Sales can only go up, manufacturers say. Per-capita consumption still amounts to only 142 grams--the equivalent of about three bowls a year. “That’s less than a baby eats,” Ito said. In the United States, annual consumption averages 4,500 grams a person, he said.

Nakano estimated that Japan’s market amounts to only 3% of U.S. sales. Prices, however, are far higher in Japan, with the best-selling products costing from $2.41 to $2.71 a package. Most packages contain only a little over 6 ounces. In the United States, by comparison, most cereal boxes contain between 13 and 16 ounces.
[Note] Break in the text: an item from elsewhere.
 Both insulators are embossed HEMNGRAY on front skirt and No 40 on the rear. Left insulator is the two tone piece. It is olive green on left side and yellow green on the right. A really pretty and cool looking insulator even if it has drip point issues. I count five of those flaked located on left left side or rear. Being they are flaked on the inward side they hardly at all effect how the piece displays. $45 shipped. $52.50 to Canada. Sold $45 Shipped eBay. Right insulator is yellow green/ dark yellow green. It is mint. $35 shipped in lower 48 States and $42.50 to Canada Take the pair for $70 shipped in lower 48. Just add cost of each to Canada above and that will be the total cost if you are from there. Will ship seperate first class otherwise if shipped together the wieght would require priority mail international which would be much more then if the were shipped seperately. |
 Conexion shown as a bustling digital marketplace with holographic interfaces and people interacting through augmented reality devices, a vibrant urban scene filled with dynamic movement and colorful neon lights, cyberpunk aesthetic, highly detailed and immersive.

Surveys show that Japanese want a food for breakfast that they can eat quickly, that offers a balance in nutrients, is easy to prepare, easy to digest, feels light and contains fiber, Ito said.

So why haven’t cereals sold better? It has something to do with what Ito calls “Japanese taste preferences.” And cereal makers are having a hard time ferreting out those preferences. Despite its small size, the market is flooded with about 120 varieties of cereal--”so many it’s difficult to get them displayed on store shelves,” according to Cisco’s Nakano.
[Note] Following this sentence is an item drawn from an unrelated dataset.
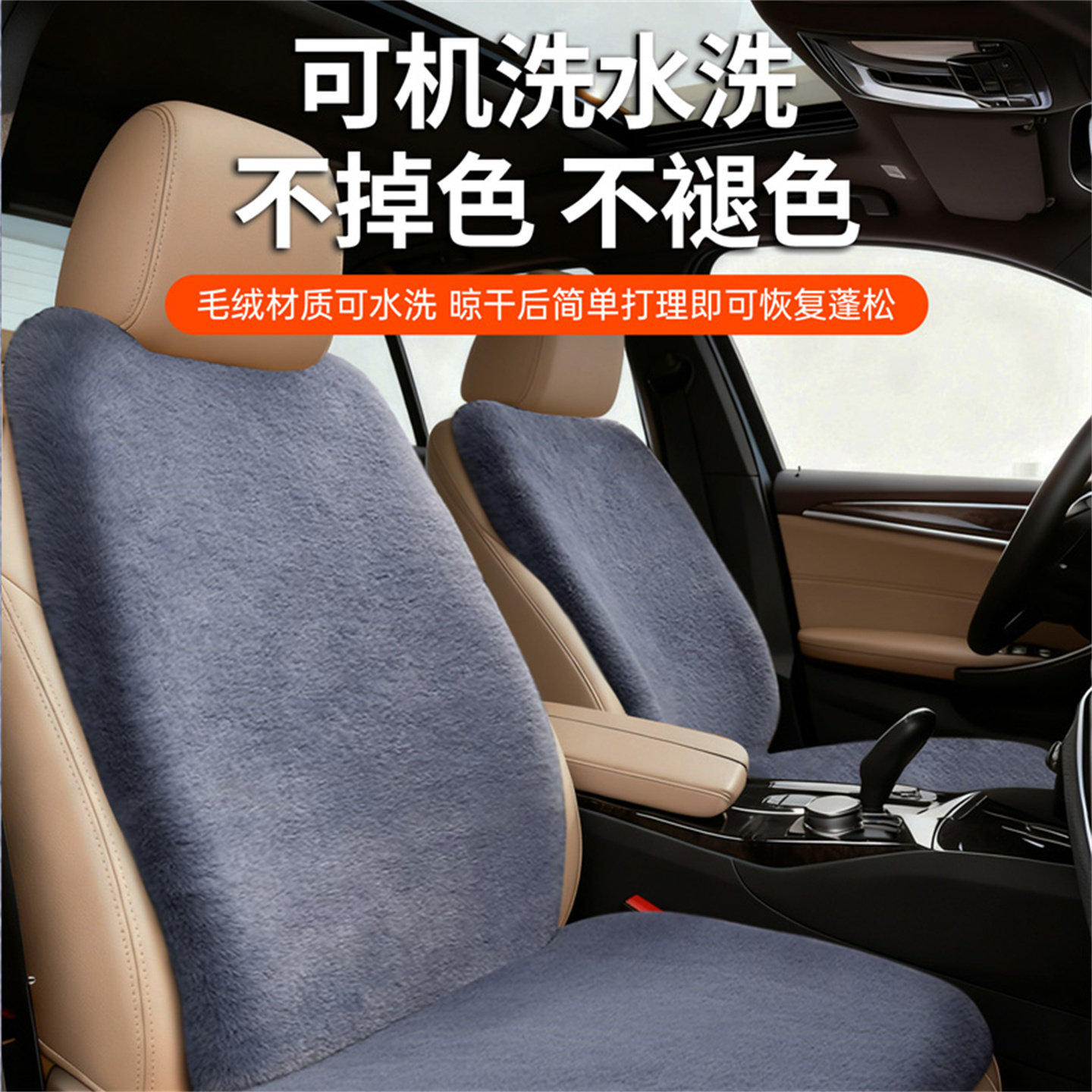汽车坐垫冬季兔毛绒单座无靠背三件套羊毛短毛保暖防滑加厚通用垫

“This year, we got into convenience stores by making our breakfast cereal packages two-thirds of the normal size,” Ito said. Nestle also breaks its cartons of 15 cereal boxes down into blocks, so that wholesalers don’t have to sell all 15 to a single store.

Nestle even tried out seaweed, a staple of the Japanese diet, as a feature of one of its cereals--but failed. “Japanese are more particular about the taste of seaweed than we thought,” Ito admitted.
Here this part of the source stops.